Can you patent a plant in the United States?

Can you patent a plant in the United States?

Yes, it is possible to be granted a patent on a plant in the United States.  There are two different sections in United States Patent Law that might apply allow you to get a patent on a plant, Plant Patents under 35 U.S.C. 161 and Utility Patent under 35 U.S.C. 101.  Each of these sections cover different types of plants and grant different protections for the plants they cover.  Another notable method of protecting a newly invented plant from being used by other people is a Plant Variety Protection Certificate.  The Plant Variety Protection Certificate is granted by the United States Department of Agriculture rather than the United States Patent Office.

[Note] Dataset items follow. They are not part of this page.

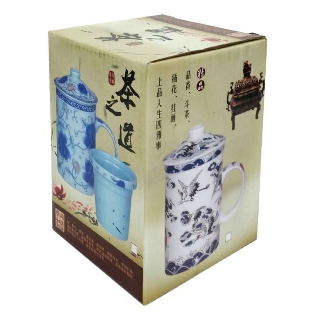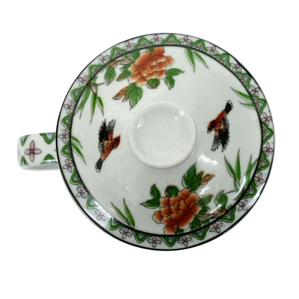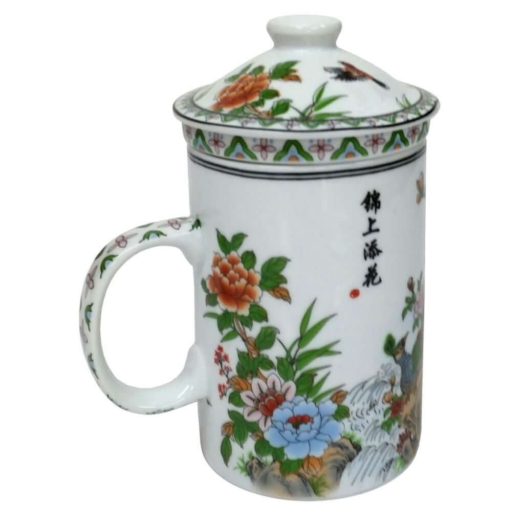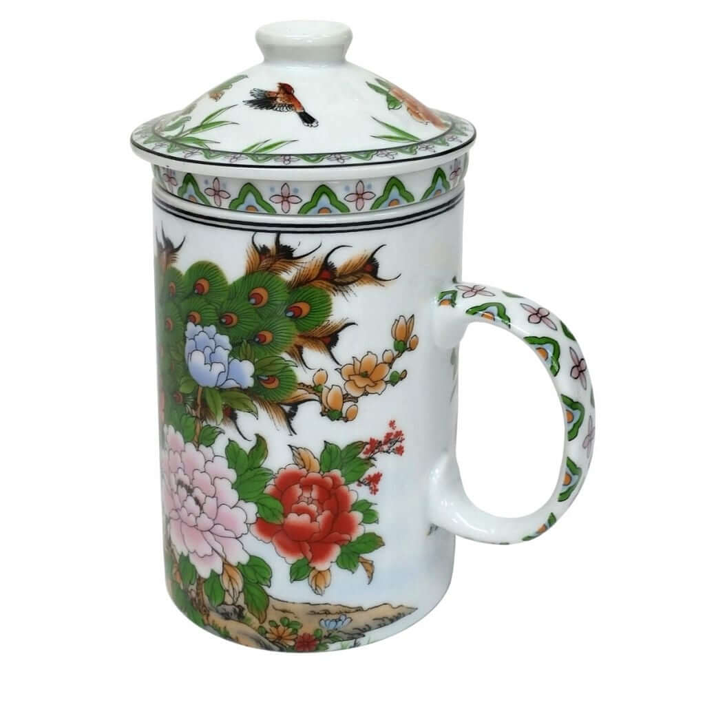An exquisite porcelain mug adorned with an enchanting peacock design, set amidst a vibrant flower garden. Savor the authentic flavors of Chinese tea with the included porcelain strainer insert, while the matching lid keeps your tea delightfully warm. Measuring at 7.5cm in diameter and 11cm in height (14cm with infuser and lid) and with a capacity of 300ml, this mug is perfect for indulging in a moment of tranquility. Made from high-quality porcelain, it is both dishwasher and microwave safe, ensuring convenience and durability. Elevate your teatime rituals with this luxurious tea mug.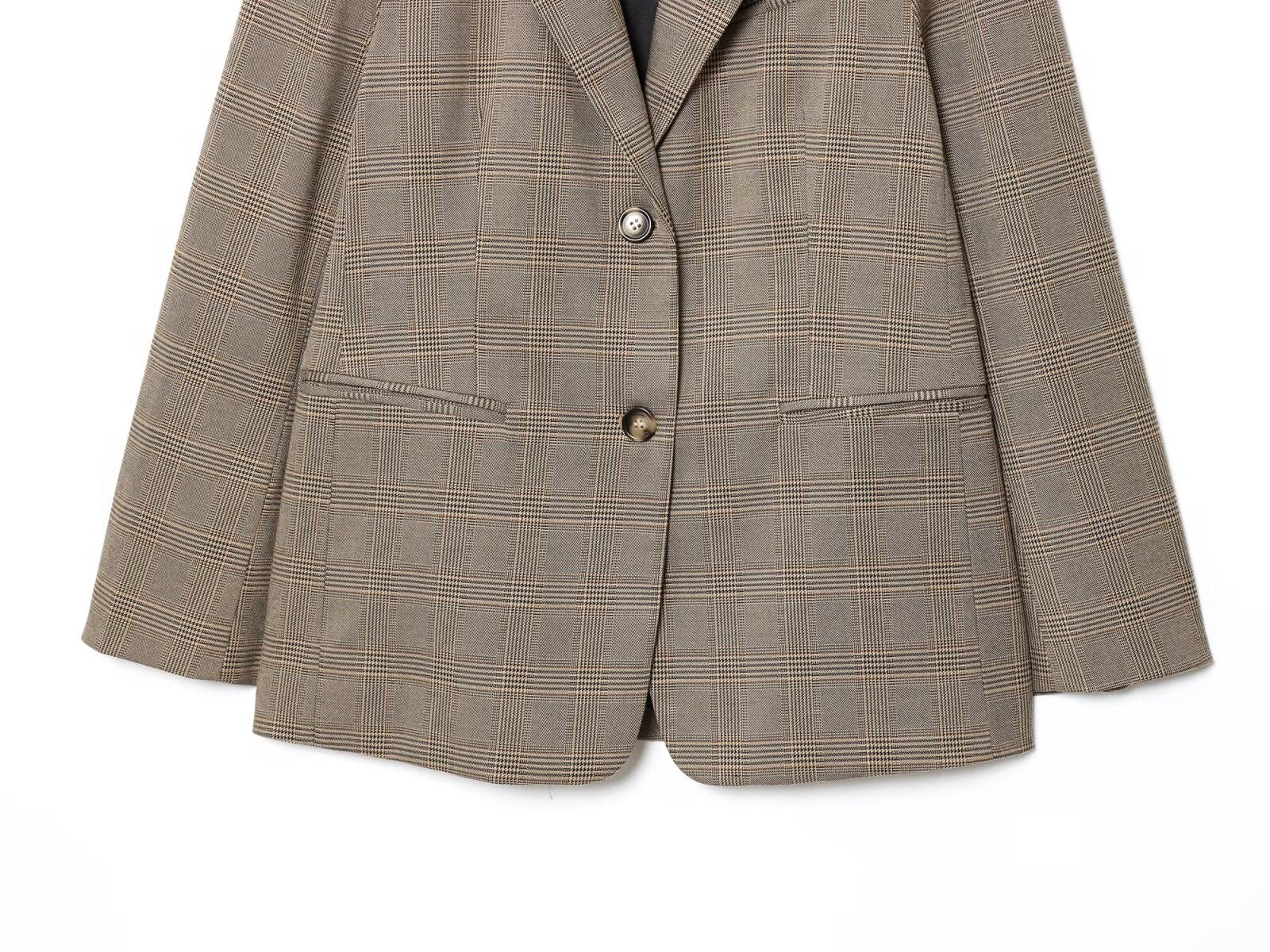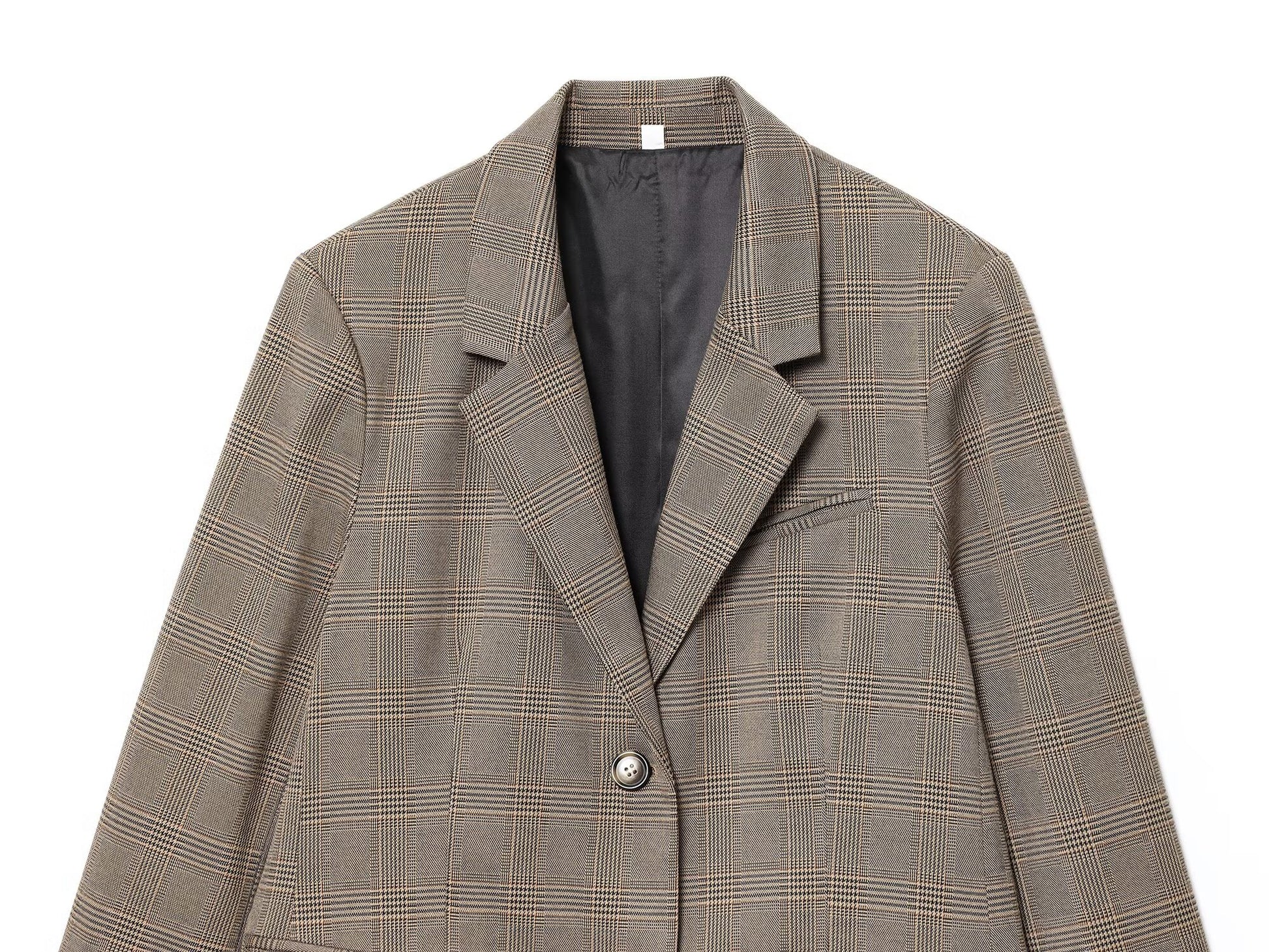 Women's new fashion loose single breasted linen blended plaid suit jacket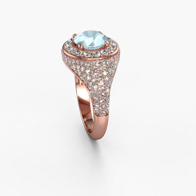 This pave set ring is called Dayle. This 14 Carat rose gold ring is set with aquamarine 7 mm. The band of this rose gold ring is set with rows of aquamarine which seem to have no beginning nor end. Our goldsmith carefully selects the gemstones and sets them with the utmost precision. For maximum shine, the aquamarine have to align perfectly. While artfully crafting and polishing the jewellery, light fall is constantly monitored, until the expert goldsmith is satisfied with the result. Designed by you, created especially for you!The best part of this elegant ring is that you can customize it to your own liking. Your style, your choice, your ring. On top of that, your exclusive rose gold ring will be made by hand with eco-friendly materials! Please feel free to easily customize the ring, using our online tool.Are you on a budget? Please feel free to contact us, so we can go discuss your options. We offer our rings at guaranteed best price, because we make them to order. You won't find such a price anywhere else!To make it easier for you, we offer a 30 day return policy. Check our terms and conditions.
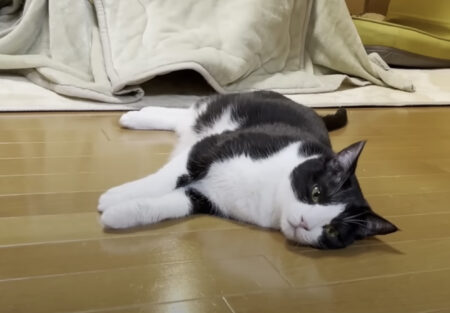 「ちょっと暑いにゃ、でもまた入ろ」こたつに出入りして「ととのう」猫さんたち。

Plant Patents under 35 U.S.C. 161 – This section of allows a patent to be granted on plants that are reproduced by asexual reproduction.  That means the plant may be reproduced by means other than from seeds, such as by the rooting of cuttings, bulbs, budding, grafting, or tissue cultures.  Plants cultivated using tubers and wild or uncultivated plants are not patentable.  This would include plants like yams, potatoes and peanuts.  A plant patent under 35 U.S.C. 161 has a single claim that describe all the attributes of the plant.  The claim may also make reference to one or more of the unusual characteristics of the plant, but may not claim parts or products of the plant.  Grant of a patent for a plant precludes others from reproducing or selling or using the patented plant. A plant patent is regarded as limited to one plant, or genome. A sport or mutant of a patented plant would not be considered to be of the same genotype, would not be covered by the plant patent to the parent plant, and would, itself, be separately patentable, subject to meeting the requirements of patentability. A plant patent expires 20 years from the filing date of the patent application.

Utility Patent under 35 U.S.C. 101 – Utility patent eligible plants can be reproduced either from seeds or asexually. In the genetically modified organism industry, utility patents are sought as a way to protect the specific elements of a plant such as proteins, genes or DNA strands, buds, pollen or fruit.  To be granted a utility patent, the plant must be made by humans and fit within the standard requirements of providing utility, novelty, and be a nonobvious creation.  The rights are the same as any other utility patent.  A plant covered by a utility patent can only be used for crop production and cannot be used for seed saving to resell, give away, or replant.  A farmer that saved seeds from their crops for replanting or sale to others would be infringing on the utility patent.  A utility patent on a plant would last as long as a normal utility patent.

Plant Variety Protection Certificate – This form of protection can be granted by the United States Department of agriculture for plants that are new, distinct, uniform and stable.  No written descriptions are necessary and obviousness is not considered, which makes a Plant Variety Protection Certificate relatively easier to obtain than a either a plant patent or a utility patent.  Many of the same rights are granted by a Plant Variety Protection Certificate but the notable difference is that farmers may save seed from their crops for replanting.  Also there is a compulsory licensing clause that requires protected plants to be sold for a just price.

When choosing how to protect a plant that you have invented it is best to discuss all the available options with a patent attorney to determine the course of action that best achieves your goals.